Extracted records:
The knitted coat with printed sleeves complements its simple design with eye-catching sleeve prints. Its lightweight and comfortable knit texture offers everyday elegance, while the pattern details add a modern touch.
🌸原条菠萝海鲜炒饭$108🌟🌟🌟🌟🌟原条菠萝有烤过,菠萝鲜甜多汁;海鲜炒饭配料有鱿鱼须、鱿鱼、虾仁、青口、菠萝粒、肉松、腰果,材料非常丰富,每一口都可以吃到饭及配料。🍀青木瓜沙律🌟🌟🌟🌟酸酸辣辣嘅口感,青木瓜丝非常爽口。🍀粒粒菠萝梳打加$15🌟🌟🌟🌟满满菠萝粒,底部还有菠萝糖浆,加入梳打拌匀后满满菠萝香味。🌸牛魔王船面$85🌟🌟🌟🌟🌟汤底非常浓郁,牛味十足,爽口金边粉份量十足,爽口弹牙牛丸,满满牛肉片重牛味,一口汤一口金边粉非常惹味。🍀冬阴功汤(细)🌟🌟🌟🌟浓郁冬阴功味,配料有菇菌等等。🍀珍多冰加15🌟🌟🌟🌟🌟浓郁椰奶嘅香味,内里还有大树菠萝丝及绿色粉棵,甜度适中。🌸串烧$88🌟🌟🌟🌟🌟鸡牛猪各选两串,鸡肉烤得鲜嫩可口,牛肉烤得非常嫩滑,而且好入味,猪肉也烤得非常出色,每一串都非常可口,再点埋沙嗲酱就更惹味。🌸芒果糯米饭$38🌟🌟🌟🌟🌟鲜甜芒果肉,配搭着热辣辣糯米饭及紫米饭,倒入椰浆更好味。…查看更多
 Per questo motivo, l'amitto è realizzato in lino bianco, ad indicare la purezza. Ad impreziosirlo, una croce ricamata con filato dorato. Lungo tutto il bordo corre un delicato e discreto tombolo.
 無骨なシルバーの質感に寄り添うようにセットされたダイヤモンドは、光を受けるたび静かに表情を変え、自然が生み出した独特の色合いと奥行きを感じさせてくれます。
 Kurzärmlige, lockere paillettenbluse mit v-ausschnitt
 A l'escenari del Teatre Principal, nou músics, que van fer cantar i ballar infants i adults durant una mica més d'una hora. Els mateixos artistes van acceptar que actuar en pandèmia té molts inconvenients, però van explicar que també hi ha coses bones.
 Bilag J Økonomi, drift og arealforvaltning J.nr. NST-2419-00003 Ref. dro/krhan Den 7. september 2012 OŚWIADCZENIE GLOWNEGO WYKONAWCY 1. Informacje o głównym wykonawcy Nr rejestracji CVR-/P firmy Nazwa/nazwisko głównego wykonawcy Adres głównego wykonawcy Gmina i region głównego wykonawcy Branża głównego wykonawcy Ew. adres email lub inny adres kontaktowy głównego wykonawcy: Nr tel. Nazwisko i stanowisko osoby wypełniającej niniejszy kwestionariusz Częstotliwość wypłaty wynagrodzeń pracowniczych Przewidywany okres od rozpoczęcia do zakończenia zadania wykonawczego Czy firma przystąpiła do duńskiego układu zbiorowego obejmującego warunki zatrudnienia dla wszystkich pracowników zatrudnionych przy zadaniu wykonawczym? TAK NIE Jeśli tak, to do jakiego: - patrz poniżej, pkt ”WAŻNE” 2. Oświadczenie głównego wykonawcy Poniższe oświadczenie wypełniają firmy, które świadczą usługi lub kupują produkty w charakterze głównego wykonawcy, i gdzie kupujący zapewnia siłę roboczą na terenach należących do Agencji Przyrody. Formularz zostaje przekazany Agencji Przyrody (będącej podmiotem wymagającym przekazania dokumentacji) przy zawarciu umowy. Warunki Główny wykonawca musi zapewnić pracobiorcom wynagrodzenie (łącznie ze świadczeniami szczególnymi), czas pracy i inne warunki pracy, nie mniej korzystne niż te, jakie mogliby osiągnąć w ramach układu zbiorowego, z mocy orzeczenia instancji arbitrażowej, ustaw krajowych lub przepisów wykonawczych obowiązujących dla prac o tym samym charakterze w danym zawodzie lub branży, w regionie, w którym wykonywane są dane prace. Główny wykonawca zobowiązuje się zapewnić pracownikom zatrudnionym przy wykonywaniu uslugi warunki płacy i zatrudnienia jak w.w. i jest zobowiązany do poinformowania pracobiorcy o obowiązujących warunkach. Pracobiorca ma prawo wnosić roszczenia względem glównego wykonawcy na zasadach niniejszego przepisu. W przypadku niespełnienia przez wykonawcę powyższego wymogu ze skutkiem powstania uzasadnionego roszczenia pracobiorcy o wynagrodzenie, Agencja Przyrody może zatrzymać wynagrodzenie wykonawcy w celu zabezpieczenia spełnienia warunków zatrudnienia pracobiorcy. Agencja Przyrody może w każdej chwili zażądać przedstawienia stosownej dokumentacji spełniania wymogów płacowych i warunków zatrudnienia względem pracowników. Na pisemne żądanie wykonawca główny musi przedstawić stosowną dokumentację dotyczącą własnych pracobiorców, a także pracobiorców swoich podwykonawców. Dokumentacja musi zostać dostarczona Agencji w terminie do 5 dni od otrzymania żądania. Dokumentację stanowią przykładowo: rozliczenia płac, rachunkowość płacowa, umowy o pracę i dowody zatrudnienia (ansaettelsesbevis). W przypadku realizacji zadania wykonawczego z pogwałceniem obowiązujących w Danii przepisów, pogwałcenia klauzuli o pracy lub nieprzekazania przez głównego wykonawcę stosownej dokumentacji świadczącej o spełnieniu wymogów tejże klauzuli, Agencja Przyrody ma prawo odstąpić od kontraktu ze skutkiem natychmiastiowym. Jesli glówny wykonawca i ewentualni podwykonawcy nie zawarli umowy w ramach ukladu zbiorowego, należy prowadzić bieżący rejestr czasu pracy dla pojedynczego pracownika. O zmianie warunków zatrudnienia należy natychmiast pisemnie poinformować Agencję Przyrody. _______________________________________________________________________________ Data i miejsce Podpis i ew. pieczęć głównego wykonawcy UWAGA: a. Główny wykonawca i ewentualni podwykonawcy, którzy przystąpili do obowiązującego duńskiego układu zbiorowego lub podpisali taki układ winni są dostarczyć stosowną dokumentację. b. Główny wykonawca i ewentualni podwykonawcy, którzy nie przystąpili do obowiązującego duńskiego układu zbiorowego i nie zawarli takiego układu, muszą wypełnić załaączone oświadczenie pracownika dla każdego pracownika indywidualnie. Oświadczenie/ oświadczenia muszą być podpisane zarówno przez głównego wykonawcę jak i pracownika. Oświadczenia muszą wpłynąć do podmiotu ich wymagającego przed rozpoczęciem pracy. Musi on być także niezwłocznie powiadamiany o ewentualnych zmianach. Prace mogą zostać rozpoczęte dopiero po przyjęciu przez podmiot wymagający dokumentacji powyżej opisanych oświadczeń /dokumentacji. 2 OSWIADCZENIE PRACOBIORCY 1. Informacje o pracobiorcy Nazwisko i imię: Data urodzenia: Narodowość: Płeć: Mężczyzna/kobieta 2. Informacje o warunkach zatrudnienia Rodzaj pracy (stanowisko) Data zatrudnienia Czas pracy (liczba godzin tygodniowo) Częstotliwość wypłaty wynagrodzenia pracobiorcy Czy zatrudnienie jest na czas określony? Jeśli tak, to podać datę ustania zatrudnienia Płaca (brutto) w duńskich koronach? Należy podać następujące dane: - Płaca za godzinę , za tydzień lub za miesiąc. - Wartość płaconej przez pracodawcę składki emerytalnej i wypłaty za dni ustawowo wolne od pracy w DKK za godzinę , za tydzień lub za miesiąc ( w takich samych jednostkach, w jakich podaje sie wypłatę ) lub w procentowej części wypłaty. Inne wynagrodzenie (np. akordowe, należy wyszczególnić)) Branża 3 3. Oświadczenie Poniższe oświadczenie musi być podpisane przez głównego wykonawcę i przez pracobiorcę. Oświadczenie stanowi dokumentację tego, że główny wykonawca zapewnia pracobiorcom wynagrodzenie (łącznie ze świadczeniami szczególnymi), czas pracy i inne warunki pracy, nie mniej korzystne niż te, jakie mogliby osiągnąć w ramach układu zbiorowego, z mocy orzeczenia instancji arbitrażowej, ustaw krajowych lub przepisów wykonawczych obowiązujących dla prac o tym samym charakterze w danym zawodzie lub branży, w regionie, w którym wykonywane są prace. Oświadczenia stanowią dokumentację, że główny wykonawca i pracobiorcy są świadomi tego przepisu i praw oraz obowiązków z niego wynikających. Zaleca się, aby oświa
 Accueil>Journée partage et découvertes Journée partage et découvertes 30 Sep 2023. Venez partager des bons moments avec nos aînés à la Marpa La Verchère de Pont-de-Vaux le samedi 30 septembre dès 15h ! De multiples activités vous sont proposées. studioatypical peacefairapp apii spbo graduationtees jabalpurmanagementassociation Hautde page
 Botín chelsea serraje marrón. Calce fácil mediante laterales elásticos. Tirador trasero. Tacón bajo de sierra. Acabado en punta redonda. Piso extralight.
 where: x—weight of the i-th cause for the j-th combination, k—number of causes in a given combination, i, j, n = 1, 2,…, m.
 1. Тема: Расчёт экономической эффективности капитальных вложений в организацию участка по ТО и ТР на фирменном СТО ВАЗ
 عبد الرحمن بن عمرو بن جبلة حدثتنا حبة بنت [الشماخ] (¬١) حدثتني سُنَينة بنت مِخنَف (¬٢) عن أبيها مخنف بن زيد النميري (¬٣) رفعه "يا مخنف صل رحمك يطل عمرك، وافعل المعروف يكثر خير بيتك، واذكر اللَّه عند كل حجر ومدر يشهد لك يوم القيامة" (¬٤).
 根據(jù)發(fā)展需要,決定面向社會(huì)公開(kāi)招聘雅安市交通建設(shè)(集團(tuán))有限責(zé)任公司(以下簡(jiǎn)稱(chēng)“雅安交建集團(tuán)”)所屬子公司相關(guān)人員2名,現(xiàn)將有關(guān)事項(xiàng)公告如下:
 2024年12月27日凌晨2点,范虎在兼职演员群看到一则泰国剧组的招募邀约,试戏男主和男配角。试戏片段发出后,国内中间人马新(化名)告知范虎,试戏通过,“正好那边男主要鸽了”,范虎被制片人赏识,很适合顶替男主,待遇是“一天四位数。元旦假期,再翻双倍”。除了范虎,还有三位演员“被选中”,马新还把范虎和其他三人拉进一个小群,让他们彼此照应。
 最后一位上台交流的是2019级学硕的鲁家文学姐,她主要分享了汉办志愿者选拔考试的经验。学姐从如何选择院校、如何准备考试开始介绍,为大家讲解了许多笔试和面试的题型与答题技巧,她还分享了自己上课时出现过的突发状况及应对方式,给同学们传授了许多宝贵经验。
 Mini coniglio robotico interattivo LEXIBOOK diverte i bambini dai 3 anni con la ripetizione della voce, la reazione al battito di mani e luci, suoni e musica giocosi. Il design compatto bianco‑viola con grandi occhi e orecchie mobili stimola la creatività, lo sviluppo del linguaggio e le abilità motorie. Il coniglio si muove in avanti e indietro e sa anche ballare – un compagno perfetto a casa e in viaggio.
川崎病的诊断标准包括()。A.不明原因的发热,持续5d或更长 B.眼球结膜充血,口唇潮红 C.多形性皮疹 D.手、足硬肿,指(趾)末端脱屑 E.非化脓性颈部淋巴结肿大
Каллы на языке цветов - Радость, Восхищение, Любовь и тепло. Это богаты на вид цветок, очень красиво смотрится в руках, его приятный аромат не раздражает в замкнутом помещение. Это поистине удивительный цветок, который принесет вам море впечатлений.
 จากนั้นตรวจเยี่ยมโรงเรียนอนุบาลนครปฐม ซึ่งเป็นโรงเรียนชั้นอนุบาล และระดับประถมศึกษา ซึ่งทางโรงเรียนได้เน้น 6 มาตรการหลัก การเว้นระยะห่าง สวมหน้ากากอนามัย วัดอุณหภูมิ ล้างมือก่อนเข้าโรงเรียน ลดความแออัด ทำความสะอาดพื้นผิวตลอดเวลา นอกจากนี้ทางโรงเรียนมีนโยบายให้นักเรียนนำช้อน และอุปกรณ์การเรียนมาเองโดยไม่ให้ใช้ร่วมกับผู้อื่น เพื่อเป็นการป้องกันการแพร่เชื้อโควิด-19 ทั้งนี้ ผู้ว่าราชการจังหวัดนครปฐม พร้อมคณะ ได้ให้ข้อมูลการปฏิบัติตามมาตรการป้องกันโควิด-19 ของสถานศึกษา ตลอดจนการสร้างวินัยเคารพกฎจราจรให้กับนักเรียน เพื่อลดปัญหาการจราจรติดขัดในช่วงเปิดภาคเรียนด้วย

• ASSIGNED TASK:
Return all lines from the data above with "bianco" in them.

• ANSWER TO THE EXERCISE:
 Per questo motivo, l'amitto è realizzato in lino bianco, ad indicare la purezza. Ad impreziosirlo, una croce ricamata con filato dorato. Lungo tutto il bordo corre un delicato e discreto tombolo.
 Mini coniglio robotico interattivo LEXIBOOK diverte i bambini dai 3 anni con la ripetizione della voce, la reazione al battito di mani e luci, suoni e musica giocosi. Il design compatto bianco‑viola con grandi occhi e orecchie mobili stimola la creatività, lo sviluppo del linguaggio e le abilità motorie. Il coniglio si muove in avanti e indietro e sa anche ballare – un compagno perfetto a casa e in viaggio.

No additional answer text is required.